Oppervlaktewater en verzilting

Droogte kan leiden tot verzilting van rivierwater en drinkwaterbronnen. Hierdoor staat de kwaliteit van drinkwater onder druk.
Droogte ontstaat vooral als bij zonnig weer met hoge temperaturen, meer water verdampt dan dat er bijkomt. Eén van de effecten van droogte is dat het oppervlaktewater zouter wordt. Een ander effect is dat de afvoer van de rivieren in de zomer lager is door droogte, waardoor vanaf de kust meer zout water landinwaarts indringt. Dit wordt experne verzilting genoemd. 

Bij extreme verzilting kunnen verschillende flora en fauna verdwijnen en kan het water niet meer gebruikt worden als bron voor de bereiding van als drinkwater. Op alle locaties in Nederland waar oppervlaktewater wordt gewonnen voor drinkwater, staat de waterkwaliteit onder druk door klimaatverandering.
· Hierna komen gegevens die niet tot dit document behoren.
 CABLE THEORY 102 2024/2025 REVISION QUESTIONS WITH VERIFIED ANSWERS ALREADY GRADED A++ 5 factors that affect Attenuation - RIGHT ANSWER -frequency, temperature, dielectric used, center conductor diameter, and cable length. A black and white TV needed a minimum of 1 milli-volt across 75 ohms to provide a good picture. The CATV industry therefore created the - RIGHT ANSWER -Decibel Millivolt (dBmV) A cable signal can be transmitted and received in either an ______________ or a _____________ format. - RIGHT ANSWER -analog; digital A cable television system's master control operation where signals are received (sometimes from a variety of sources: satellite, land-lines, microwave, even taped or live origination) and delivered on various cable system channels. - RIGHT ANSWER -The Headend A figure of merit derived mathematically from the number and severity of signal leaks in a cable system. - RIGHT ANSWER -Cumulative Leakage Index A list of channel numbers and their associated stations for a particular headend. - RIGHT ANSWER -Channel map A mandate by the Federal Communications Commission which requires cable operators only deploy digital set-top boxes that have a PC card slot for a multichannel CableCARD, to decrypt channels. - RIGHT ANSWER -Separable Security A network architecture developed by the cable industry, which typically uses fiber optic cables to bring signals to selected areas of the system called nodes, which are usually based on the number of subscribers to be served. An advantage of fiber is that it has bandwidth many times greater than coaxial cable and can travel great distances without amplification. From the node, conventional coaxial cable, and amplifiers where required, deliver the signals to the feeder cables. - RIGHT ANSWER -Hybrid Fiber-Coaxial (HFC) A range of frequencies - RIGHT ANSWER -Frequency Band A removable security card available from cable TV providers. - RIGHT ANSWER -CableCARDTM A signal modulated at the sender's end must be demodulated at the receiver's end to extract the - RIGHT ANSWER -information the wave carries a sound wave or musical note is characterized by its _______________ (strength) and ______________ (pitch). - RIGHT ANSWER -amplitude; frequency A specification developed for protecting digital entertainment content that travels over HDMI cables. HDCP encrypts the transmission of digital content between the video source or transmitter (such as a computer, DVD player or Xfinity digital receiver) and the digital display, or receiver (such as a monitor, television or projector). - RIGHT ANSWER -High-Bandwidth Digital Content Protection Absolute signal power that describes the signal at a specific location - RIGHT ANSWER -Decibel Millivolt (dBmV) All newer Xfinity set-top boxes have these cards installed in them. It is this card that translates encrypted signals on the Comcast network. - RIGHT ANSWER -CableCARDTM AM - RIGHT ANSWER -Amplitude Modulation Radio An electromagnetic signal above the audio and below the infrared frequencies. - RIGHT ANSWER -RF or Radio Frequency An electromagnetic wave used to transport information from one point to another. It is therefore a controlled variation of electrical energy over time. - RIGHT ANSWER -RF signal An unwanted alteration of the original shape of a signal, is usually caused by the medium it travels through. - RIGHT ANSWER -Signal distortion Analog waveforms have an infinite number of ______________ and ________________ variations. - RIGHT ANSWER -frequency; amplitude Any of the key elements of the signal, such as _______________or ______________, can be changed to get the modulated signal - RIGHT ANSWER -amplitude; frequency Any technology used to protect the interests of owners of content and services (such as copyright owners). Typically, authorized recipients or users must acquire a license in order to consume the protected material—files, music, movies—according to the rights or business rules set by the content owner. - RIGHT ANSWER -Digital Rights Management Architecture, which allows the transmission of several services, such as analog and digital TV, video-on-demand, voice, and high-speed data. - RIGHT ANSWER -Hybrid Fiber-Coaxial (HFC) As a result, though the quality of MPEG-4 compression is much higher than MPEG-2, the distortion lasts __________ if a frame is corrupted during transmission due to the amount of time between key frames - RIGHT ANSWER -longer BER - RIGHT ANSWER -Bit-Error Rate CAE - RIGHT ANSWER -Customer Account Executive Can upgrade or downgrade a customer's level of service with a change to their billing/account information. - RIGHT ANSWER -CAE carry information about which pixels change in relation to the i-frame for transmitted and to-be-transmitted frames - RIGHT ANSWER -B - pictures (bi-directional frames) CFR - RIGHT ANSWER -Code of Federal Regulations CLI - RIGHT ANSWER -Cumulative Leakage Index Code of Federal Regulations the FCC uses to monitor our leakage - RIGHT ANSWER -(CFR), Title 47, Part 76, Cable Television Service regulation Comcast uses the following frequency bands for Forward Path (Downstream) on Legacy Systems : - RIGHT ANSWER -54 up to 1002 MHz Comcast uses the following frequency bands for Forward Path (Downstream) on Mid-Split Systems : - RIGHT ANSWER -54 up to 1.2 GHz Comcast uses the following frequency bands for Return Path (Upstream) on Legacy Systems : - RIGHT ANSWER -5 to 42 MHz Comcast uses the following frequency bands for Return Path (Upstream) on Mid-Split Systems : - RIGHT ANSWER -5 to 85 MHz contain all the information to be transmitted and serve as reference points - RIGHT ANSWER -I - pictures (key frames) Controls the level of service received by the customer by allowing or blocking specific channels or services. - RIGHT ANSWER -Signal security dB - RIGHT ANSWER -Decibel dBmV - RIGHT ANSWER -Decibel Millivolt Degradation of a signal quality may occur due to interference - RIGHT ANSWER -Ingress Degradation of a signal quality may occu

Het water kan gedurende droge perioden vaak zonder extra maatregelen niet worden gebruikt voor drinkwaterbereiding.

Grondwater en verzilting

In laag gelegen delen van Nederland komt vaak brak grondwater aan het oppervlak (brakke kwel). De kwel komt door de bodem in het grond- en/of oppervlaktewater terecht. Dit zorgt voor verzilting van de bodem, het grondwater en het oppervlaktewater (interne verzilting).  Bij de voorspelde stijgende zeespiegel en het verder inklinken van de bodem zal er meer druk vanaf de zee op het grondwater komen, waardoor dit proces in de kuststreken gaat versnellen.

Verder landinwaarts komt interne verzilting vooral voor in de diepe polders en droogmakerijen. Als gevolg van eeuwenlange bodemdaling komt het zoute grondwater uit diepere lagen nu als kwel in het oppervlaktewater terecht. Dit zorgt voor verzilting van regionale watersystemen. 

Verzilting en gezondheid

Schoon drinkwater is een primaire levensbehoefte. De jaargemiddelde norm voor chloride in drinkwater is 150 mg/l. Chloride is een mineraal dat  onder andere in keukenzout zit. Tijdens de droge zomer van 2018 was er sprake van verzilting van onder andere het IJsselmeer. Hierdoor hebben bedrijven en huishoudens in een deel van Noord-Holland tijdelijk drinkwater gekregen met een licht verhoogd chloridegehalte(PDF). Dit had geen gevolgen voor de volksgezondheid. De norm is vooral bedoeld om smaakeffecten te voorkomen.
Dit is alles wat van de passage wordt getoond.